Problem to solve:
The listing is to be repeated exactly, and its pictures are to be left out.

Dataset extract:
-------------------------

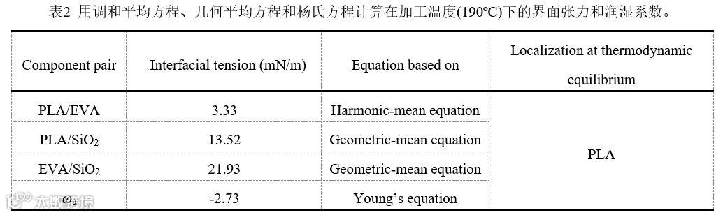 由于EVA的熔点远低于PLA的熔点,EVA相先熔化,因此SiO2初始分布在EVA相中。而根据润湿系数的计算发现SiO2的热力学平衡位置是在PLA相中(表1、表2)。所以在加工过程中,SiO2会从EVA向PLA相迁移。TGA结果证明比表面积越高的SiO2的吸附分子链能力越强(图2),因此,其填充的EVA相的粘度越高(图3,其中,在EVA中SiO2的含量在二元EVA/25SiO2与三元85PLA/15EVA/5SiO2是保持一致的),SiO2迁移速度也越慢,故更难迁移到界面处。
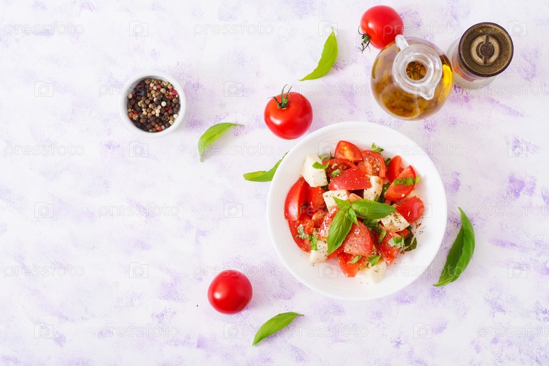 Свежий салат с помидорами, сыром моцарелла и базиликом
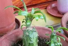 绿玉菊为菊科千里光属多年生肉质植物。植株匍匐或悬垂、向上攀援生长,茎圆柱形,红褐色,叶互生,具叶柄,肉质,很脆,易折断,叶色深绿,有浅色的脉纹,小花乳白色,有黄心。绿玉菊原产非洲南部,…全部>>

-------------------------

Expected answer:
 由于EVA的熔点远低于PLA的熔点,EVA相先熔化,因此SiO2初始分布在EVA相中。而根据润湿系数的计算发现SiO2的热力学平衡位置是在PLA相中(表1、表2)。所以在加工过程中,SiO2会从EVA向PLA相迁移。TGA结果证明比表面积越高的SiO2的吸附分子链能力越强(图2),因此,其填充的EVA相的粘度越高(图3,其中,在EVA中SiO2的含量在二元EVA/25SiO2与三元85PLA/15EVA/5SiO2是保持一致的),SiO2迁移速度也越慢,故更难迁移到界面处。
 Свежий салат с помидорами, сыром моцарелла и базиликом
 绿玉菊为菊科千里光属多年生肉质植物。植株匍匐或悬垂、向上攀援生长,茎圆柱形,红褐色,叶互生,具叶柄,肉质,很脆,易折断,叶色深绿,有浅色的脉纹,小花乳白色,有黄心。绿玉菊原产非洲南部,…全部>>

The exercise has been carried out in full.